CHAPTER-4: An Overview of Alternative Dispute Resolution System - Under this chapter


different ADRs Mechanisms like negotiation, mediation, conciliation, and arbitration, Lok
Adalats and Permanent Lok Adalat, Mini- Trial, Med- Arb, E.N.E, DRB & DAB along with
lacunae involved in these mechanisms have been analysed thoroughly and critically.

CHAPTER- 5: Mediation & Conciliation – This chapter elaborately deals with two ADR
mechanisms i.e. mediation & conciliation. This chapter first of all explains the concept and
process involved in both mechanism, there advantages and disadvantages. In the end of the
chapter issues and concerns pertaining to mediation and conciliation are also analysed.

CHAPTER- 6: Lok Adalats and Permanent Lok Adalats – Chapter 6 elaborately deals with
Lok Adalats and Permanent Lok Adalats as ADR mechanisms. This chapter, in the beginning
explains the concept, evolution, law, practices and procedures of Lok Adalats and Permanent
Lok Adalats along with the advantages offered by them as ADR fora.
CHAPTER- 7: Arbitration –This Chapter deals with the adjudicatory ADR mechanism –
Arbitration. This chapter first of all gives an insight of the concept of arbitration, types of
arbitration and the historical background of arbitration in India. It then expounds the process of
arbitration, which is governed by the Arbitration and Conciliation Act, 1996, referring to the
relevant statutory provisions and the significant judicial pronouncements.

CHAPTER- 8: Alternative Dispute Resolution under Section 89 of the Code of Civil


Procedure, 1908 –It expounds the contribution of section 89 CPC to ADR jurisprudence. In the
beginning it explains the nature and ambit of section 89 CPC and highlights the reasons for
incorporating section 89 CPC in the statute book. This chapter then proceeds to outline the
procedure enshrined under section 89 CPC and also gives an insight into the role of referral
judges in ensuring that the salutary objective behind the incorporation of section 89 CPC is
accomplished. This chapter then proceeds to discuss and analyse the available ADR mechanisms
under section 89 CPC with special reference to Judicial Settlement as an ADR mechanism.
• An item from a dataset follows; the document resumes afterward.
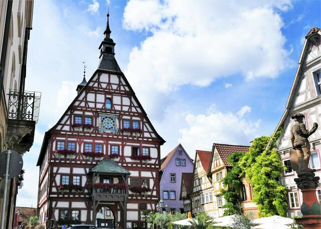 Der Name geht auf die fränkische Besiedlung, nach deren Eindringen ins römische Reich im 6. Jahrhundert zurück. Besigheim liegt malerisch an der Enzmündung in den Neckar und ist vor allem wegen seiner Altstadt und der schönen Fachwerkhäuser bekannt. Es hat eines der besterhaltenen mittelalterlichen Stadtbilder in Süddeutschland.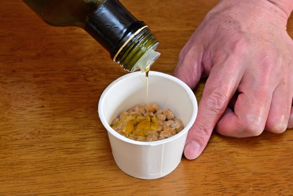 ◇納豆の匂いが苦手な方にはオリーブオイルの量を増やしてください。

CHAPTER- 9: Conclusion & Suggestion –In the first part of this chapter an earnest attempt
has been made to assimilate the broad and generalized propositions and conclusions embodied in
all the preceding chapters with brevity and precision. The second part of the chapter
comprehensively expounds some of the plausible legislative, administrative and other allied
remedial measures for rectifying the flaws observed during the research and also contains an
exposition of a whole gamut of other suggestions for the better and effective implementation and
systematic growth of ADR in India from a pragmatic point of view.